And the value of the kth learning rate parameter in the next generation learning rate parameter group b is determined according to whether the learning rate parameter is mutated or not. Specifically, if the kth learning rate parameter varies, the value of the learning rate parameter is updated, and a specific updated value determination mode can be set as required; if the k-th learning rate parameter has no variation, the value of the learning rate parameter remains unchanged, i.e. the value of the learning rate parameter is the same as the value of the corresponding learning rate parameter of the current generation.

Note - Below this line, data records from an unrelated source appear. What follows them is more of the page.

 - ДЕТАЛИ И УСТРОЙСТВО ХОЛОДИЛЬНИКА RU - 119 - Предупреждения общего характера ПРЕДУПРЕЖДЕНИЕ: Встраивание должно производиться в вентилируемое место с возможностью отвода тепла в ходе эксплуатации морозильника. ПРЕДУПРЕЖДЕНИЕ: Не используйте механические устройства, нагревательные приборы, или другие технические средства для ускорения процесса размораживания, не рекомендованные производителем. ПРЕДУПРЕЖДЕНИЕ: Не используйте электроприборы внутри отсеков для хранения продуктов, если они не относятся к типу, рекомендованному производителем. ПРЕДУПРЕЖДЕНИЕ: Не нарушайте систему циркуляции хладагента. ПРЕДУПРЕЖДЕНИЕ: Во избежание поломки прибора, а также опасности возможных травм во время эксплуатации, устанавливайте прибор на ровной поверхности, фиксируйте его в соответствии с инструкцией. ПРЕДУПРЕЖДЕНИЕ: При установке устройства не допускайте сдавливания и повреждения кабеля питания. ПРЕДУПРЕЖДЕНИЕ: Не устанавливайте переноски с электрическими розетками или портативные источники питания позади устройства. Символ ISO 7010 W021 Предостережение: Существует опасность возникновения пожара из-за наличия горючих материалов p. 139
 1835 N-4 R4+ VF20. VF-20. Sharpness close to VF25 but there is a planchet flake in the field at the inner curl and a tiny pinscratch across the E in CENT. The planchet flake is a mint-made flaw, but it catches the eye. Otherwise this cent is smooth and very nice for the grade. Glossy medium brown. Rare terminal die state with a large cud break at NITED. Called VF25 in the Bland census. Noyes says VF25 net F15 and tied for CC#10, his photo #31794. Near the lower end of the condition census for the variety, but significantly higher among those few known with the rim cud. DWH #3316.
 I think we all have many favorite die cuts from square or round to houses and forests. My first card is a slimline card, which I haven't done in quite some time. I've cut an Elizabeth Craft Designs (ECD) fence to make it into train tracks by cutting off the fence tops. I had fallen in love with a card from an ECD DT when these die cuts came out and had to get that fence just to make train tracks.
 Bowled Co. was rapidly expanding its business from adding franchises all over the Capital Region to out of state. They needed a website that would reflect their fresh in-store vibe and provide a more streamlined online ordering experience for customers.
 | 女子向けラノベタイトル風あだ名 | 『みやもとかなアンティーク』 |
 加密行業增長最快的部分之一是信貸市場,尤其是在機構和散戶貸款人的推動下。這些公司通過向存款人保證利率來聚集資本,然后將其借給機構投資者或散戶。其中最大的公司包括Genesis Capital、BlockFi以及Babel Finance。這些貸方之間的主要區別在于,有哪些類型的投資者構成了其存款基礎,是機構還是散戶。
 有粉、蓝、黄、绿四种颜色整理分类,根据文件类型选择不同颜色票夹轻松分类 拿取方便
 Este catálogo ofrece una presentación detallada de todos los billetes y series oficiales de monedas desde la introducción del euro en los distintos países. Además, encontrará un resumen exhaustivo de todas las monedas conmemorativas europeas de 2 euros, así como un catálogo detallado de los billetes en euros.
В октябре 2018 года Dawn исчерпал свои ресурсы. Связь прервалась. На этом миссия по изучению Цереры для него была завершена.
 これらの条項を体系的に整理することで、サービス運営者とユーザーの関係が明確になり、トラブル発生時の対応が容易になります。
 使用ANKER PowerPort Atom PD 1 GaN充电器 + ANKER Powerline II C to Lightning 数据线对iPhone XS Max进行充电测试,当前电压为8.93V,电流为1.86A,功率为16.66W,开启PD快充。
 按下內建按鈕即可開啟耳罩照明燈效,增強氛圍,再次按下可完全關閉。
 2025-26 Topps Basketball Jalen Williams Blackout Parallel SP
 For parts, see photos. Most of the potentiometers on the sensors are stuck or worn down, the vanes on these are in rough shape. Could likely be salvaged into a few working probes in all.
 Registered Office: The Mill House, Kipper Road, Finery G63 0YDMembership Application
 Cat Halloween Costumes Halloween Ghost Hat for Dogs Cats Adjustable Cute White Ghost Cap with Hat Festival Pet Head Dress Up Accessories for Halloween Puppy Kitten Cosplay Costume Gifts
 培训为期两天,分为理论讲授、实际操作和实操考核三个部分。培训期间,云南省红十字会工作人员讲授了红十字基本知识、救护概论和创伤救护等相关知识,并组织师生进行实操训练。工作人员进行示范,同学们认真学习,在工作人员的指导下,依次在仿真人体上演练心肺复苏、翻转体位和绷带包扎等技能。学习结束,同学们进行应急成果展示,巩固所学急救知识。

The determination method of whether the learning rate parameter has a variation may be: and judging whether the random number generated corresponding to the learning rate parameter is smaller than the mutation probability CR set in the step 302, if so, determining that mutation occurs, and otherwise, determining that no mutation occurs.

In this embodiment, a way of updating the learning rate parameter value when a variation occurs is provided, that is, the value Trail of the kth learning rate parameter is determined according to the following formula (3) _k ：

Wherein, index [ i] _k ＝random.sample(range(Np),COUNT)，index[i] _k Means for randomly extracting COUNT learning rate parameter sets from Np learning rate parameter sets of the current generation, wherein the k-th learning rate parameter value of the i-th learning rate parameter set is index [ i [ ]] _k COUNT =3 ≤ Np, low _ bound is a minimum value of the preset learning rate parameter, and up _ bound is a maximum value of the learning rate parameter; random () represents a random number between 0 and 1 generated corresponding to the kth learning rate parameter.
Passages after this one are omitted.